By: Clark Neely, Assistant Professor and Extension Specialist College Station, TX (979) 862-1412 email@example.com; Calvin Trostle, Professor and Extension Agronomist Lubbock, TX (806) 746-6101 firstname.lastname@example.org; Mark Welch, Assistant Professor and Extension Economist College Station, TX (979) 845-8011 email@example.com
Freeze injury in wheat is a complex issue involving environmental, cultural, and physiological factors that can cause freeze damage to vary between and even within fiel ds, making it difficult to assess crop injury. Knowing when and where to scout for damage, what symptoms to look for, and how to manage an injured crop is critical in evaluating damaged wheat.
Scouting for Damage
Because official temperatures recorded at nearby weather stations do not always represent temperatures in individual fields, estimate anticipated damage more accurately by placing a thermometer directly in the plant canopy in the early morning when temperatures are likely at their minimum. Texas A&M AgriLife Extension Service data using canopy temperature sensors demonstrate that temperatures may sometimes be 4°F to 6°F higher in the canopy than in the surrounding air temperature, especially on still nights.

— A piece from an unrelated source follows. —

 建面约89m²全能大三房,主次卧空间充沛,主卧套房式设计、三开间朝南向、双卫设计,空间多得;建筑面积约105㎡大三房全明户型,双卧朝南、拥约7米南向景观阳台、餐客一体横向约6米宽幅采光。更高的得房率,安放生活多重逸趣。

If damaging temperatures occur or are suspected in a wheat field, symptoms may not appear on the plant for up to a week or more, depending on the weather. Temperatures following the freeze affect how quickly symptoms develop, since warmer temperatures accelerate the decomposition of dead tissue. A dark green or “water soaked” appearance in foliage may be evident quickly, but determining a dead growing point or the death of the most recently emerged leaf can take time.

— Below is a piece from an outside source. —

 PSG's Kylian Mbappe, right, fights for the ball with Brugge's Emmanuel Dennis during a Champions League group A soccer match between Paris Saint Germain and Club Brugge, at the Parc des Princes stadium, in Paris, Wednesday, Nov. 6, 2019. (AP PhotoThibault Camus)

When scouting for freeze damage, check low-lying fields or areas first, especially if little to no wind occurred during the freeze. Cold air sinks and settles in valleys and bottoms on still nights.
If these areas are unaffected, areas at higher elevations are likely unharmed. Symptoms such as necrotic leaf tissue and white awns are easily visible, but, by themselves, rarely impact yield significantly. But, they can indicate more serious injury and require further investigation.
Table 1 and Figure 1 show critical temperatures at which potential freeze injury may occur in wheat during different growth stages. For a more detailed discussion of wheat growth stages (Feekes scale) refer to AgriLife Extension publication Growth Stages of Wheat (Miller, 1999). Generally, plant parts need a minimum of 2 hours of exposure to freezing temperatures before injury occurs.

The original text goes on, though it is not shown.